Assustei-me, não saberia dizer por quê. Comecei a mastigar e em breve tinha na boca aquele puxa-puxa cinzento de borracha que não tinha gosto de nada. Mastigava, mastigava. Mas me sentia contrafeita. Na verdade eu não estava gostando do gosto. E a vantagem de ser bala eterna me enchia de uma espécie de medo, como se tem diante da ideia de eternidade ou de infinito. Eu não quis confessar que não estava à altura da eternidade. Que só me dava aflição. Enquanto isso, eu mastigava obedientemente, sem parar.
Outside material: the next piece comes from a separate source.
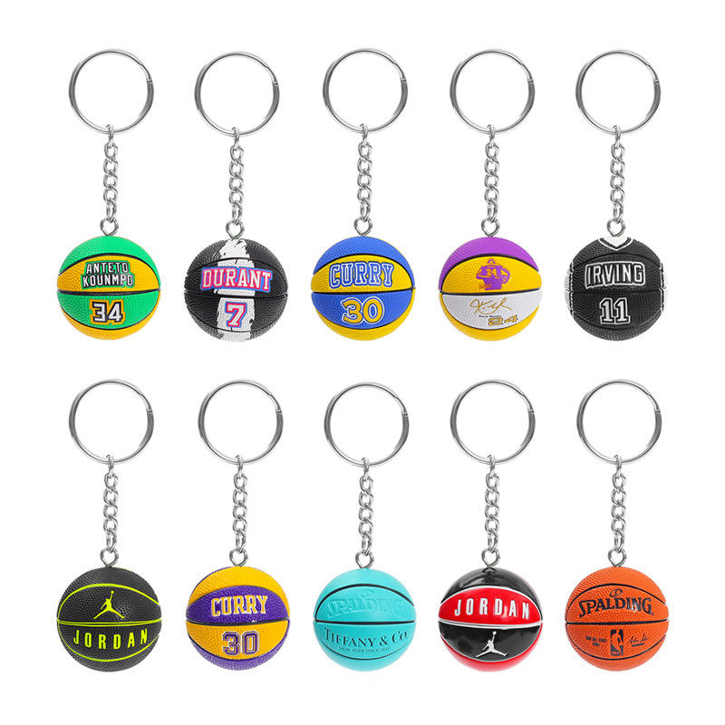 Porte-clés mini-basket-ball de dessin animé d'anime, pendentif en PVC, matériaux en caoutchouc, gaufrage, impression numérique, imperméable, souvenir, cadeau, clé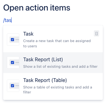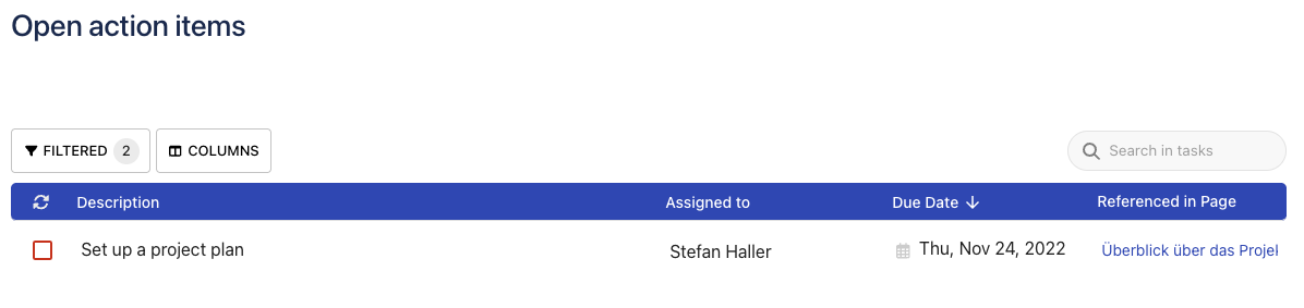 Use embedded task reports for example in meeting notes to show open tasks from previous meetings in order to address the progress.

Até que não suportei mais, e, atravessando o portão da escola, dei um jeito de o chicle mastigado cair no chão de areia.
— Olha só o que me aconteceu! — disse eu em fingidos espanto e tristeza. — Agora não posso mastigar mais! A bala acabou!
— Já lhe disse — repetiu minha irmã — que ela não acaba nunca. Mas a gente às vezes perde. Até de noite a gente pode ir mastigando, mas para não engolir no sono a gente prega o chicle na cama. Não fique triste, um dia lhe dou outro, e esse você não perderá.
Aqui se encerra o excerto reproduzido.